> [Work order] Every record below must be copied exactly, with images dropped.

> [Provided data]
···

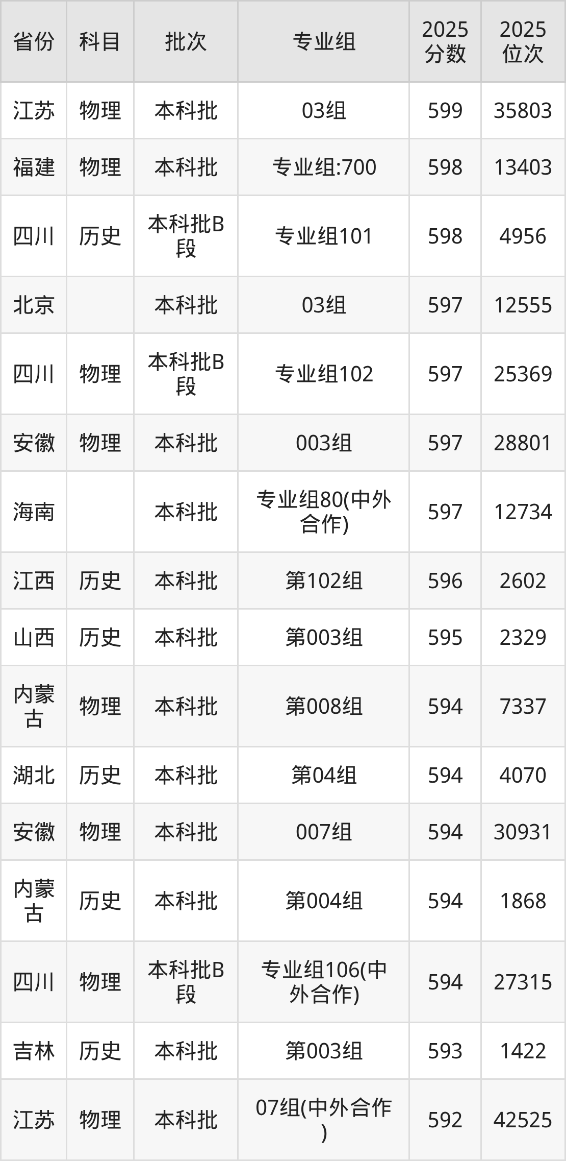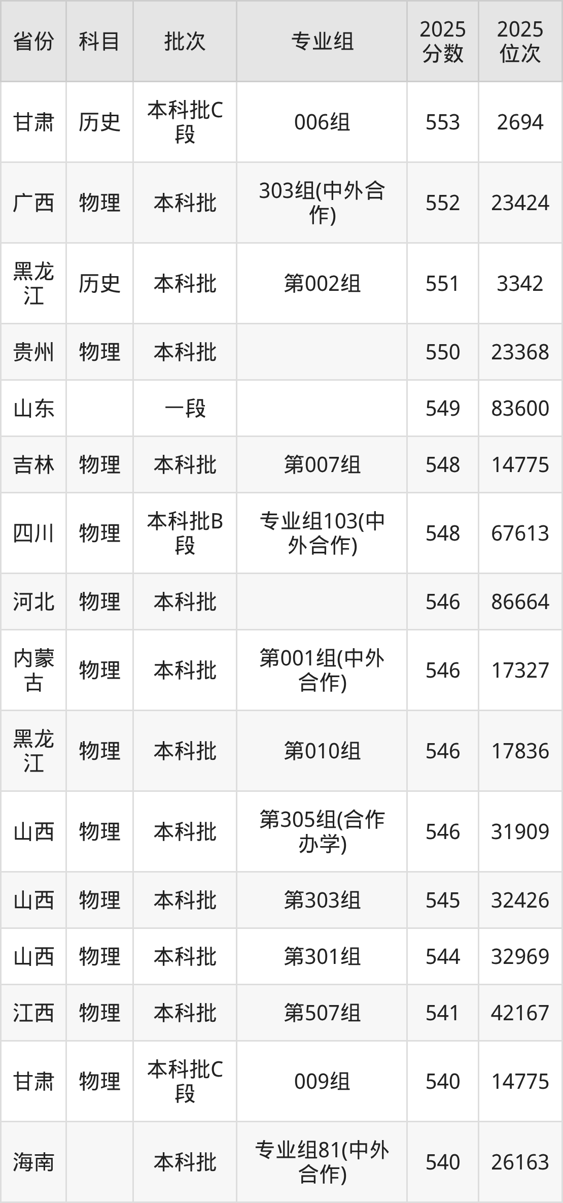参考2025年山东省高考招录数据,按照分数线从高到低依次为大家展示云南大学各个专业录取分数线。
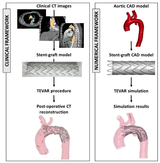 In the recent literature, numerical models have been demonstrated to be a valuable tool for investigating clinical procedures. These models allow researchers to simulate various scenarios, aiding in the understanding of complex interactions between the aortic district and the implanted device [71,72,73]. Figure 2 shows the framework to extract engineering features starting from clinical images and device models.
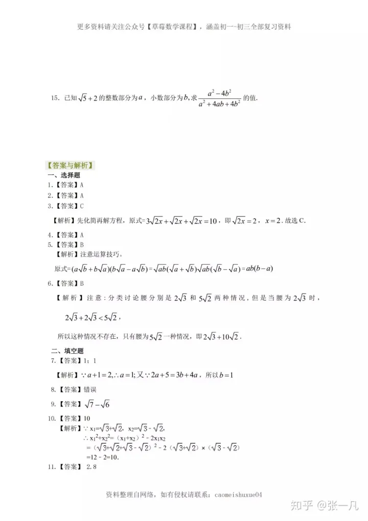 2023年初中数学二次根式和完全平方式的综合题型
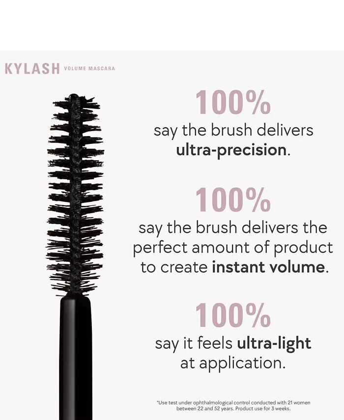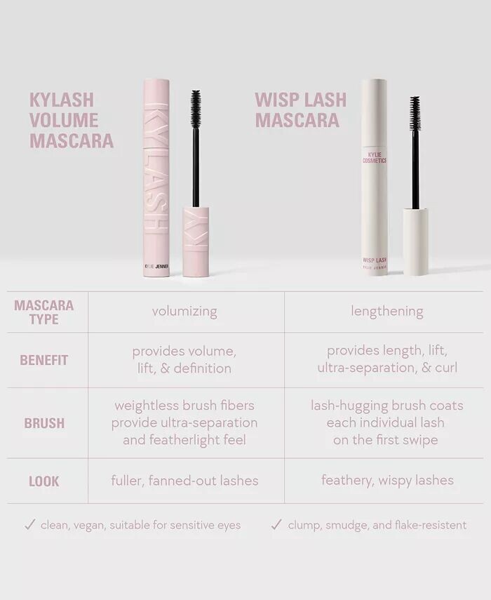 Поднимите, очертите и сделайте ресницы более объемными с помощью туши для ресниц Kylash Volume Travel Size от Kylie Cosmetics.
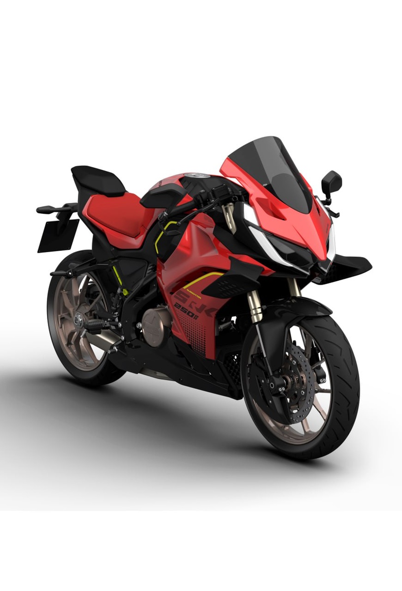 SRK 300 R1 воплощает чистую гоночную генетику в компактной, обтекаемой форме, объединяя эмоциональность «суперспорта» с универсальностью лёгкого мотоцикла. Передний обтекатель, разработанный по концепции Downforce Aero Design, направляет воздушные потоки от носовой части через боковые и нижние каналы, снижая сопротивление и создавая стабилизирующую прижимную силу. Это позволяет мотоциклу сохранять собранность и устойчивость даже на высокой скорости. Плавная линия, соединяющая бак и седло, формирует удобный «треугольник райдера», а высота сиденья 785 мм и смещённые назад подножки обеспечивают спортивную посадку. В основе мотоцикла — одноцилиндровый двигатель объёмом 299,1 см³, развивающий 24 кВт (32,6 л.с.) при 9000 об/мин и 27,5 Н·м при 6500 об/мин. Он отличается мгновенной, но предсказуемой реакцией на поворот рукоятки газа и уверенной тягой в среднем диапазоне оборотов, обеспечивая контроль и удовольствие от каждой поездки. Лёгкая стальная трубчатая рама, дорожный просвет 135 мм и ма
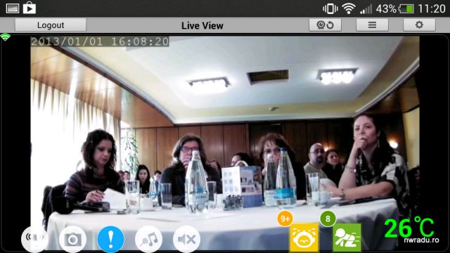 Sună bine. M-am conectat chiar și la cameră, luând pe loc aplicația mydlink Baby Camera din Google Play și am făcut screenshot-urile de mai jos. Observați în partea de jos a ecranului că-ți spune temperatura din cameră, precum și câte alarme de sunet și mișcare au fost declanșate.
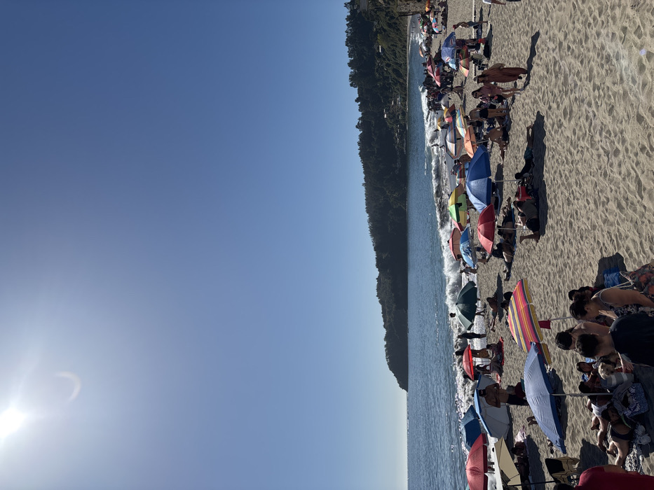 - "The image displays a densely populated sandy beach in Tomé, Chile, under a clear, bright blue sky with the sun visible in the upper-left, producing a lens flare" by FM-CB7hJ2, licensed under CC BY 4.0

···

> [Answer space]
参考2025年山东省高考招录数据,按照分数线从高到低依次为大家展示云南大学各个专业录取分数线。
 In the recent literature, numerical models have been demonstrated to be a valuable tool for investigating clinical procedures. These models allow researchers to simulate various scenarios, aiding in the understanding of complex interactions between the aortic district and the implanted device [71,72,73]. Figure 2 shows the framework to extract engineering features starting from clinical images and device models.
 2023年初中数学二次根式和完全平方式的综合题型
 Поднимите, очертите и сделайте ресницы более объемными с помощью туши для ресниц Kylash Volume Travel Size от Kylie Cosmetics.
 SRK 300 R1 воплощает чистую гоночную генетику в компактной, обтекаемой форме, объединяя эмоциональность «суперспорта» с универсальностью лёгкого мотоцикла. Передний обтекатель, разработанный по концепции Downforce Aero Design, направляет воздушные потоки от носовой части через боковые и нижние каналы, снижая сопротивление и создавая стабилизирующую прижимную силу. Это позволяет мотоциклу сохранять собранность и устойчивость даже на высокой скорости. Плавная линия, соединяющая бак и седло, формирует удобный «треугольник райдера», а высота сиденья 785 мм и смещённые назад подножки обеспечивают спортивную посадку. В основе мотоцикла — одноцилиндровый двигатель объёмом 299,1 см³, развивающий 24 кВт (32,6 л.с.) при 9000 об/мин и 27,5 Н·м при 6500 об/мин. Он отличается мгновенной, но предсказуемой реакцией на поворот рукоятки газа и уверенной тягой в среднем диапазоне оборотов, обеспечивая контроль и удовольствие от каждой поездки. Лёгкая стальная трубчатая рама, дорожный просвет 135 мм и ма
 Sună bine. M-am conectat chiar și la cameră, luând pe loc aplicația mydlink Baby Camera din Google Play și am făcut screenshot-urile de mai jos. Observați în partea de jos a ecranului că-ți spune temperatura din cameră, precum și câte alarme de sunet și mișcare au fost declanșate.
 - "The image displays a densely populated sandy beach in Tomé, Chile, under a clear, bright blue sky with the sun visible in the upper-left, producing a lens flare" by FM-CB7hJ2, licensed under CC BY 4.0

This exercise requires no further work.